Nach einer kurzen Pause fügte der Ehrenwerte Aanh mit Nachdruck hinzu: „Ich hoffe, Euch ist klar, dass die Bemessung Eures Strafmaßes und damit auch Euer leibliches Wohlergehen maßgeblich von diesem Bericht abhängen, General Valkja!“
Der Anführer des Roten Mondes nickte gezwungenermaßen und sein mürrisches Knurren war mehr zu erahnen, denn zu hören. Doch dem Vorsitzenden genügte solch eine lapidare Geste dieses Mal offenbar nicht.
„Ob das klar ist?“, fragte er mit gefährlicher Vibration in der Stimme nach.
„Ja. Ihr kriegt euren ...“ Der Dritte General schnaubte verdrießlich und knirschte mit den Zähnen. Er konnte wohl einfach nicht aus seiner Haut. „… Bericht.“
Cay schmunzelte. Der Blässling hatte sich ein abfälliges Wort nur um Haaresbreite verkneifen können. Doch noch etwas Anderes ließ ihn verstohlen grinsen. Allein der Gedanke, wie sein erklärter Lieblingsfeind sich des Rates wegen die ganze Nacht um die Ohren schlagen und seine Zeit dann auch noch mit etwas in dessen Augen so Nutz- und Wertlosem wie einem Bericht vergeuden musste, erheiterte ihn. Vielleicht sollte er Yo heute Abend einen kurzen Besuch abstatten und ihn ein wenig aufmuntern.

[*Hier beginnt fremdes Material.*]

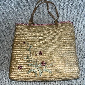 Cappelli Straworld Vintage Women’s Beachy Boho Tote Purse Ladybugs And Flowers
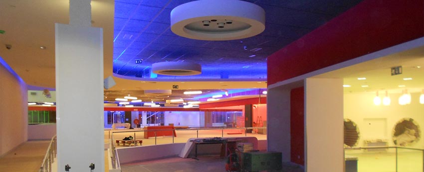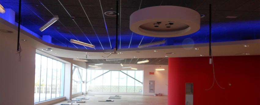 Nuestra empresa instaladora AMS Instalaciones, ha ejecutado los sistemas Knauf de construcción seca a base de placas de yeso laminado (tabiquería, trasdosados, falsos techos continuos y preformados de placa de yeso laminado), aislamientos (tanto aislamiento térmico, aislamiento acústico como acondicionamiento acústico), falsos techos de todo tipo (además de los techos contínuos, hemos instalado falsos techos registrables a base de viruta de madera, techos acústicos de lana mineral y escayola aligerada e inclusive falsos techos resistentes al fuego o techos ignífugos) en el espectacular gimnasio Virgin ubicado en una zona privilegiada de Alcala de Henares en Madrid
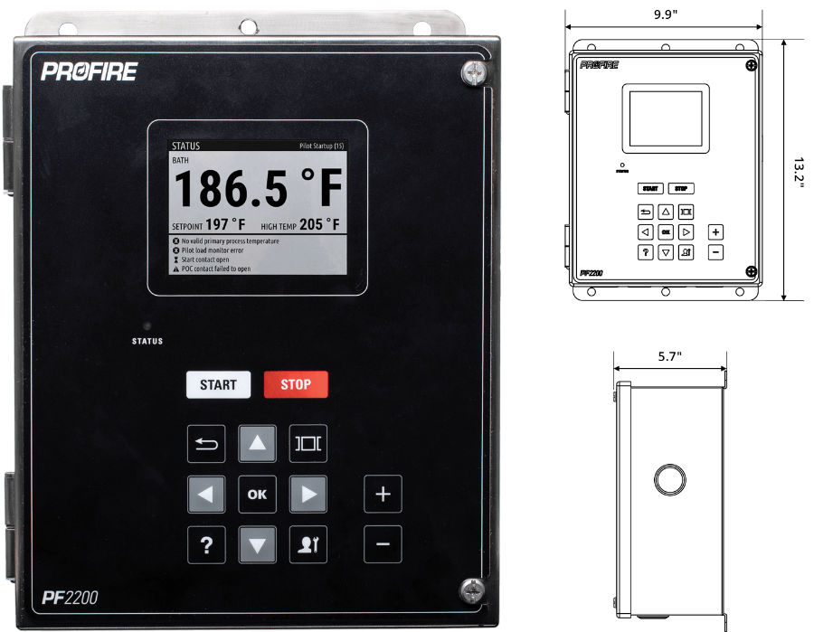 1The PROFIRE PF2200-SB controller has been specifically designed to enhance the performance and control of a wide array of natural draft fire tube applications. The PF2200-SB delivers the most powerful yet simple user experience possible. Perfect for most Atmospheric Water Bath heaters/burners. Suitable for verification to NZ gas standards. Looks after heater temp control, Interlocks, Fault output, Burner/pilot/Control valves and flame supervision functions.
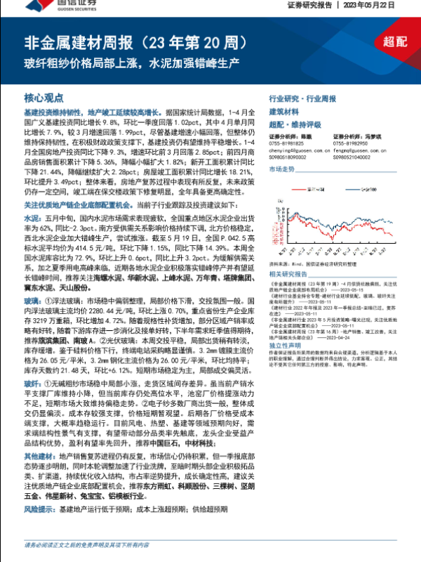 【国信证券】【20230522】非金属建材周报:玻纤粗纱价格局部上涨,水泥加强错峰生产-24页 行业研究
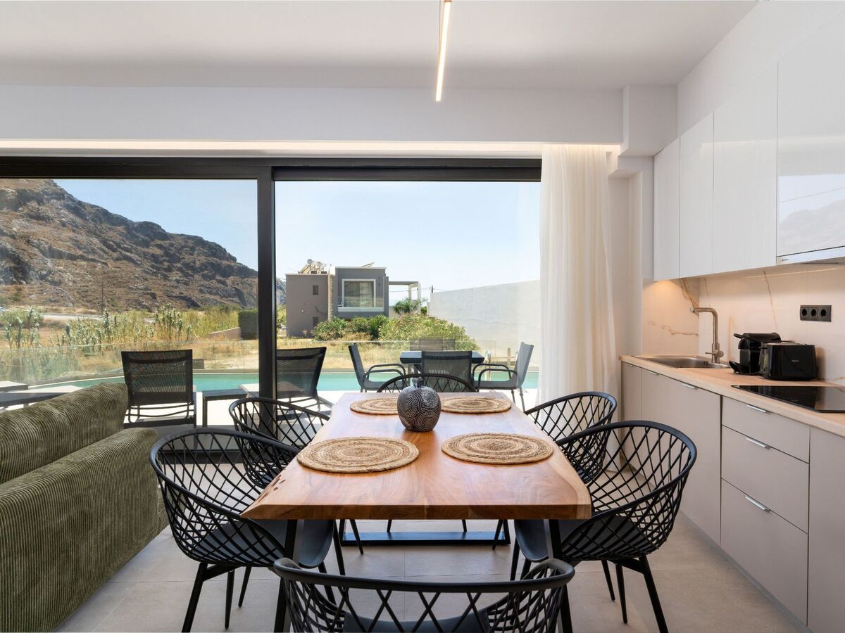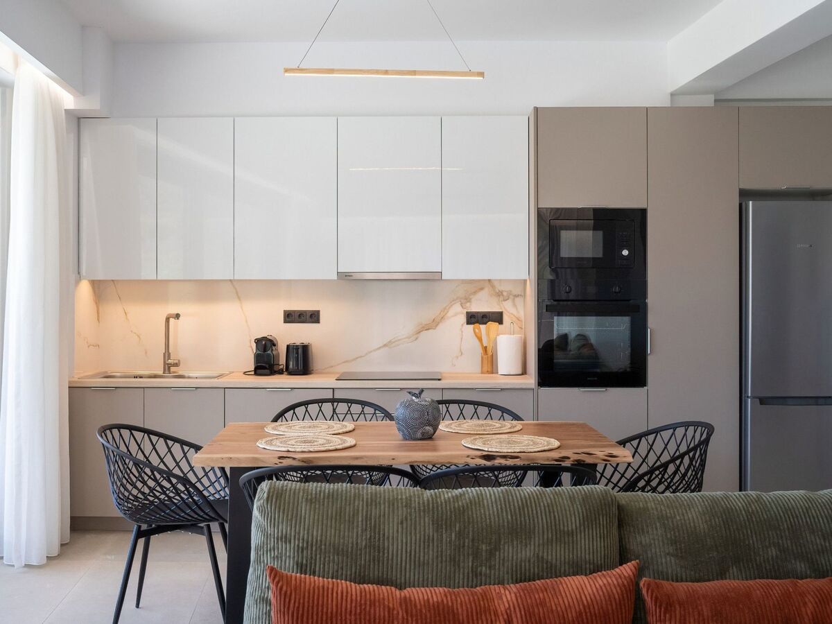 The modern, fully equipped kitchen includes everything needed for a self-catered stay, from morning coffee to evening feasts enjoyed on the terrace under the Cretan stars.

„Der Rat gedenkt, abweichend vom Protokoll eine kleine Pause einzulegen und sich bis zur Ernennung des Obersten Generals zurückzuziehen. Es ist sicher für alle Beteiligten von Vorteil, sich einen Moment von der anstrengenden Berichterstattung zu erholen.“
Mit diesen Worten erhob der Ehrenwerte Aanh sich und beendete das Drama. Mit einem ermahnenden Blick entließ er das Silberhaar aus seiner Aufmerksamkeit und auch die Neun Weisen erhoben sich mühselig von ihren Plätzen. Murmelnd und brummend, doch mit dem Ausdruck von Genugtuung und Befriedigung auf den Gesichtern, verließen sie den Saal. Einzig Baron zu Feuerborn und Liebstein und Graf Pokinoi blickten missvergnügt drein und steckten beim Gehen bereits wieder die Köpfe zusammen. Wieder grinste Cay. Er kannte kein intriganteres Pärchen am Hofe als diese beiden alten Herren. An denen bissen sich selbst Schwarze Witwenmacherinnen ihre Giftzähne aus.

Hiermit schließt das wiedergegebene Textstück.